* Information provided *
+--

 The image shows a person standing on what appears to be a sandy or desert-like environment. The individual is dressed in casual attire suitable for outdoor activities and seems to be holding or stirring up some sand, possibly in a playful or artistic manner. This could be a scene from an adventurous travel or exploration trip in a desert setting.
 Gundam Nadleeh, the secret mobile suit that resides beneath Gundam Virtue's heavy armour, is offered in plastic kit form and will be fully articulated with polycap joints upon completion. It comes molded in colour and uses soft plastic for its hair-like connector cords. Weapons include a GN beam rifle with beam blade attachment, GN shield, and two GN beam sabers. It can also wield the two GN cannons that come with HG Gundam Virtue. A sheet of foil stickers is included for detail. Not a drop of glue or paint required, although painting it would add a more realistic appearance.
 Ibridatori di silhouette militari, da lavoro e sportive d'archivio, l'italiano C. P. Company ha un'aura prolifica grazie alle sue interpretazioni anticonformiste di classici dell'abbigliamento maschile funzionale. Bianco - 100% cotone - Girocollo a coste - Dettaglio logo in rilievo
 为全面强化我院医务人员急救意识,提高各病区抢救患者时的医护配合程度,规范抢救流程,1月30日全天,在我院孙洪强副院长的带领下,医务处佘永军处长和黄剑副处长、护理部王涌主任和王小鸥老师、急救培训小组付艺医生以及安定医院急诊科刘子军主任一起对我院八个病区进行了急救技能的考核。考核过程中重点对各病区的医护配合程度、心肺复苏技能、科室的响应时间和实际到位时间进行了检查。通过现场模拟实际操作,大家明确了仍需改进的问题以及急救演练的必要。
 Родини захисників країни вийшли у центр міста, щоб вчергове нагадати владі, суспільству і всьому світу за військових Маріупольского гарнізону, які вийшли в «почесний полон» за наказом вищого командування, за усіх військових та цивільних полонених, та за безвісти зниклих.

+--

* Task instructions *
For the string "like", count every line of the material where it appears and state only the count.

* Your response *
2